» **TASK REQUIREMENTS**
Make an exact copy of the records, omitting all images.

» **PROVIDED DATA**
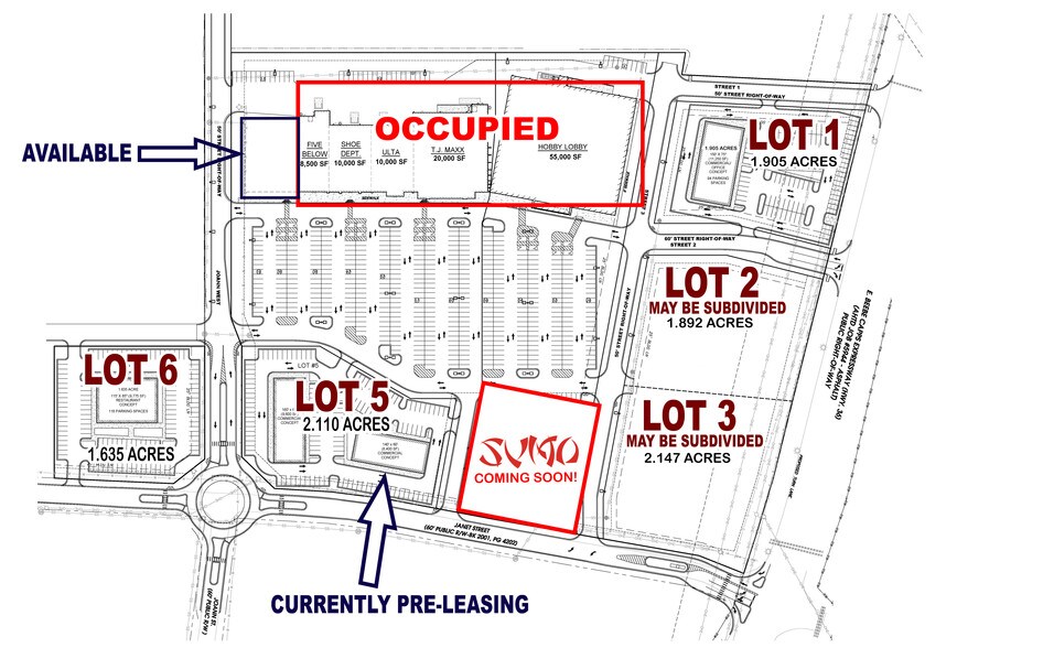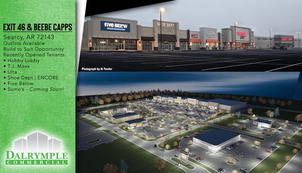 Parcelles externes disponibles à la vente, à bail foncier ou à construire sur mesure. Searcy City Center est un complexe de centres électriques commerciaux situé au cœur de Searcy, en Arkansas, à 45 minutes au nord de la route 67/167 Little Rock, qui deviendra bientôt l'Interstate 57. Searcy a une communauté universitaire et médicale en croissance constante. Dalrymple Commercial s'engage à apporter des services multifamiliaux, des divertissements et des commerces de détail dans la région. La propriété se trouve à moins d'un mile de l'Université Harding, sur l'artère principale de Searcy. La propriété bénéficie d'une visibilité directe depuis les États-Unis 67/167, Future I-57. La gamme préliminaire de locataires de l'aménagement comprend des détaillants nationaux tels que Hobby Lobby, TJ Maxx, Shoe Department, 5 Ci-dessous et Ulta. Restaurant japonais SUMO. À côté de ce développement se trouve une nouvelle Academy Sports en construction.
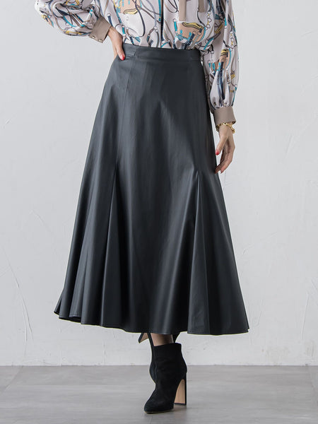 ウエストからヒップまではすっきりとしたサイズ感、裾に向かって広がるマーメイドラインがフェミニンな1着。
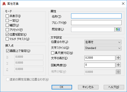 属性文字の位置合わせ、文字スタイル、高さ、回転を設定します。
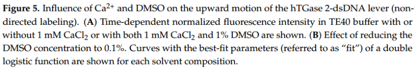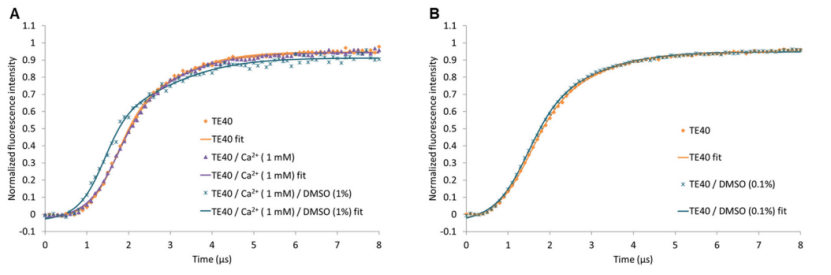 由于溶解度有限,抑制劑 1–3 的儲備溶液通常在 DMSO 中制備,因此用于生化和生物測定的最終 DMSO 濃度在 0.1% 至 5% 之間。為了確定 DMSO 的潛在干擾,我們使用不同的溶劑成分評估了裸露 DNA 桿的向上運(yùn)動(dòng)(圖 5)。雖然施加濃度為 1 mM 的 Ca2+ 不會改變時(shí)間依賴性熒光曲線的形狀,但與純水條件相比,1% DMSO 會導(dǎo)致曲線左移(圖 5A)。幸運(yùn)的是,當(dāng) DMSO 濃度降低到 0.1% 時(shí),曲線的形狀與水條件下的形狀基本相同(圖 5B)。因此,對于所有使用抑制劑 1–3 的 switchSENSE® 實(shí)驗(yàn),最終 DMSO 濃度均設(shè)置為 0.1%。目前無法給出觀察到 DMSO 影響的原因,但結(jié)果強(qiáng)調(diào)了仔細(xì)評估溶劑成分以避免測量偽影的必要性。
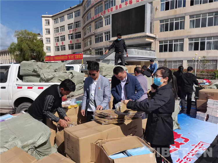 工作人員將“學(xué)習(xí)包”裝車后運(yùn)往十一縣(區(qū))
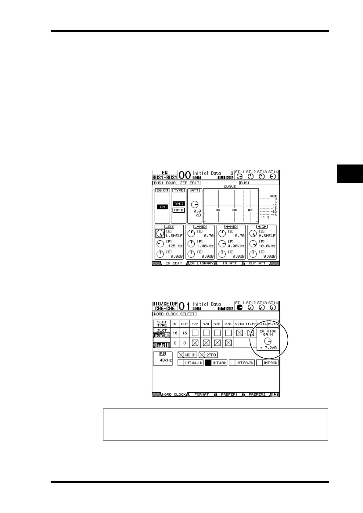 When the Auto EQUALIZER Display (page 227) check box is on, the 01V96 displays the

» **ANSWER SPACE**
 Parcelles externes disponibles à la vente, à bail foncier ou à construire sur mesure. Searcy City Center est un complexe de centres électriques commerciaux situé au cœur de Searcy, en Arkansas, à 45 minutes au nord de la route 67/167 Little Rock, qui deviendra bientôt l'Interstate 57. Searcy a une communauté universitaire et médicale en croissance constante. Dalrymple Commercial s'engage à apporter des services multifamiliaux, des divertissements et des commerces de détail dans la région. La propriété se trouve à moins d'un mile de l'Université Harding, sur l'artère principale de Searcy. La propriété bénéficie d'une visibilité directe depuis les États-Unis 67/167, Future I-57. La gamme préliminaire de locataires de l'aménagement comprend des détaillants nationaux tels que Hobby Lobby, TJ Maxx, Shoe Department, 5 Ci-dessous et Ulta. Restaurant japonais SUMO. À côté de ce développement se trouve une nouvelle Academy Sports en construction.
 ウエストからヒップまではすっきりとしたサイズ感、裾に向かって広がるマーメイドラインがフェミニンな1着。
 属性文字の位置合わせ、文字スタイル、高さ、回転を設定します。
 由于溶解度有限,抑制劑 1–3 的儲備溶液通常在 DMSO 中制備,因此用于生化和生物測定的最終 DMSO 濃度在 0.1% 至 5% 之間。為了確定 DMSO 的潛在干擾,我們使用不同的溶劑成分評估了裸露 DNA 桿的向上運(yùn)動(dòng)(圖 5)。雖然施加濃度為 1 mM 的 Ca2+ 不會改變時(shí)間依賴性熒光曲線的形狀,但與純水條件相比,1% DMSO 會導(dǎo)致曲線左移(圖 5A)。幸運(yùn)的是,當(dāng) DMSO 濃度降低到 0.1% 時(shí),曲線的形狀與水條件下的形狀基本相同(圖 5B)。因此,對于所有使用抑制劑 1–3 的 switchSENSE® 實(shí)驗(yàn),最終 DMSO 濃度均設(shè)置為 0.1%。目前無法給出觀察到 DMSO 影響的原因,但結(jié)果強(qiáng)調(diào)了仔細(xì)評估溶劑成分以避免測量偽影的必要性。
 工作人員將“學(xué)習(xí)包”裝車后運(yùn)往十一縣(區(qū))
 When the Auto EQUALIZER Display (page 227) check box is on, the 01V96 displays the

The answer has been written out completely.